__PROBLEM DESCRIPTION__
Drop the images, then output the listing exactly.

__STORED DATA__

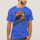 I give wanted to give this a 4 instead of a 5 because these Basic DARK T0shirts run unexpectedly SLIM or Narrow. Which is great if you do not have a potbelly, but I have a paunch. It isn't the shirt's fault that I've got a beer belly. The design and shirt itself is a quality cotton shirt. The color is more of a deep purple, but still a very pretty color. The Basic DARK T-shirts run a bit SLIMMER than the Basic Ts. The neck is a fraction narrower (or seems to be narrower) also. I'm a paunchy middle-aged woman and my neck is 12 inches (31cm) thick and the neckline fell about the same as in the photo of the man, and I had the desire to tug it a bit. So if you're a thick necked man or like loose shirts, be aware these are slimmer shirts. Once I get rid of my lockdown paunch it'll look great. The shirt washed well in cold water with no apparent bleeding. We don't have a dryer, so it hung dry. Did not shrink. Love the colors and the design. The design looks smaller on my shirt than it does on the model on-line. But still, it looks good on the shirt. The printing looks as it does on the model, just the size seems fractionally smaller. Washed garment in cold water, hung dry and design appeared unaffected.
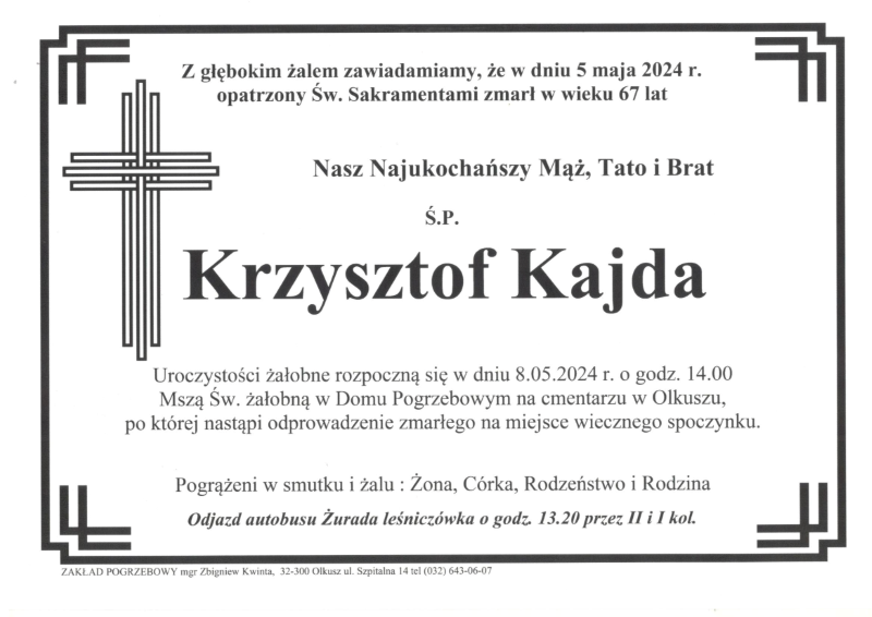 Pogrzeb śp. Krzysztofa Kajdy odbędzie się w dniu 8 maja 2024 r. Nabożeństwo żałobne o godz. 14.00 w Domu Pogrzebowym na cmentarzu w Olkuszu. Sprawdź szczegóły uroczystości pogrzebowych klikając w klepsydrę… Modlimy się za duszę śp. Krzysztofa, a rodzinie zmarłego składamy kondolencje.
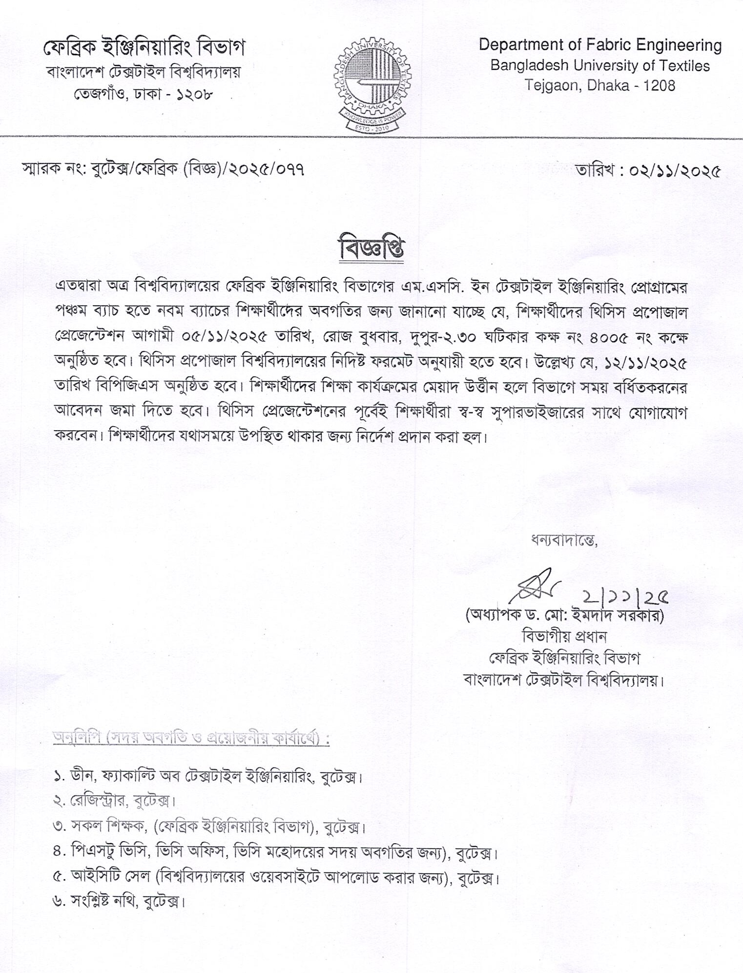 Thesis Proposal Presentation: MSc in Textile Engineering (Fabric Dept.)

__EXERCISE SOLUTION__
 I give wanted to give this a 4 instead of a 5 because these Basic DARK T0shirts run unexpectedly SLIM or Narrow. Which is great if you do not have a potbelly, but I have a paunch. It isn't the shirt's fault that I've got a beer belly. The design and shirt itself is a quality cotton shirt. The color is more of a deep purple, but still a very pretty color. The Basic DARK T-shirts run a bit SLIMMER than the Basic Ts. The neck is a fraction narrower (or seems to be narrower) also. I'm a paunchy middle-aged woman and my neck is 12 inches (31cm) thick and the neckline fell about the same as in the photo of the man, and I had the desire to tug it a bit. So if you're a thick necked man or like loose shirts, be aware these are slimmer shirts. Once I get rid of my lockdown paunch it'll look great. The shirt washed well in cold water with no apparent bleeding. We don't have a dryer, so it hung dry. Did not shrink. Love the colors and the design. The design looks smaller on my shirt than it does on the model on-line. But still, it looks good on the shirt. The printing looks as it does on the model, just the size seems fractionally smaller. Washed garment in cold water, hung dry and design appeared unaffected.
 Pogrzeb śp. Krzysztofa Kajdy odbędzie się w dniu 8 maja 2024 r. Nabożeństwo żałobne o godz. 14.00 w Domu Pogrzebowym na cmentarzu w Olkuszu. Sprawdź szczegóły uroczystości pogrzebowych klikając w klepsydrę… Modlimy się za duszę śp. Krzysztofa, a rodzinie zmarłego składamy kondolencje.
 Thesis Proposal Presentation: MSc in Textile Engineering (Fabric Dept.)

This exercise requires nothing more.